I also enjoy buying up bags of Cox's orange pippin and reinette apples from the farmers' markets - since they appear only briefly and are the finest apples for baking - as well as some of the lesser-known varieties that make particularly good eating, such as the Rome beauty, the Mutsu and Gravenstein.

Throughout most of the year, particularly in the summer months, I see the same old apple varieties sitting on the supermarket shelves, having been in cold storage for who knows how long. I confess, I don't get very excited about them. It's difficult to believe that the 2000 varieties of interesting and wonderful apples that have come to Australia have been ruthlessly culled to a mere four in general production.

In contrast, when apples arrive in the markets in the peak of their season, freshly picked, they are quite simply stunning. And now there's even greater choice in varieties that come from orchards still producing heirloom apples. So right now, I am really inspired to bake with apples, whether it's a simple apple tea cake with cinnamon and walnuts, or one of my favourite apple cakes from an old Joël Robuchon recipe.

Robuchon's recipe calls for lightly caramelised Cox's orange pippins with sugar, butter and almond flakes, covered with a batter enriched with crème fraîche. It's essentially an upside-down cake - the apples are all golden and gooey, and you top them with a syrup made with a splash of Calvados. It's well worth hunting down the recipe because it's one of those incredibly simple yet entirely delicious and satisfying desserts, especially if eaten while still warm with homemade crème Anglaise.

I also like to make spiced apple fritters for a Sunday afternoon treat.
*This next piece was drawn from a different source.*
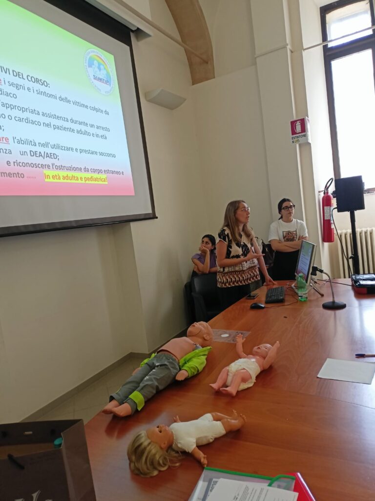 Dopo la parte teorica, i presenti sono stati impegnati sul campo, testando le conoscenze acquisite riguardo le tecniche di rianimazione e di disostruzione delle vie aeree su manichino pediatrico.

I spice the apple slices in either an eau de vie of prunes, a Poire Williams, or the Spanish liqueur Anís del Mono, allowing them to soak up the liqueur for at least an hour before coating them lightly in batter. For the batter, I use 2 eggs, 110gm caster sugar, 125ml milk, 60ml extra-virgin olive oil, 225gm self-raising flour. Then I dip the scented apple slices in the batter and shallow-fry them in a combination of olive oil and butter. They come out all puffy and golden-brown and are just perfect eaten with nothing more than a sprinkling of caster sugar.

There is a beautiful German apple cake I make that always reminds me of my mother. I remember her stretching the strudel pastry out over the dining table until it was so thin you could see her hands through it. Shop-bought filo just cannot compare with a homemade strudel pastry, which, when turned into freshly baked apple strudel with vanilla ice-cream, is a delicious winter dessert.

When I have a surplus of apples, I like to make an apple compote. This can be as simple as throwing peeled, cored and quartered apples in a pot to simmer with some sugar, a cinnamon quill and a little water and lemon juice, or it can be a little more refined if I want to use it as a dessert. Then I make a poaching syrup of 1 part sugar to 1 part water with a little lemon rind, a cinnamon quill, 3 cloves and a vanilla bean. Bring this to the boil, then add peeled, cored and quartered apples. Simmer gently, topped with baking paper and a saucer to weight the fruit, until the apples are only just soft. Remove from the heat immediately and cool. Refrain from stirring unless you want your poached apples to become a purée. This is the perfect filling for crêpes, sprinkled with icing sugar, or for the bottom of a rice pudding. It also makes a delicious partner to roast game or pork. At Easter, for example, I served a roast goose and the soft-poached apples were perfect with the rich, fragrant red meat.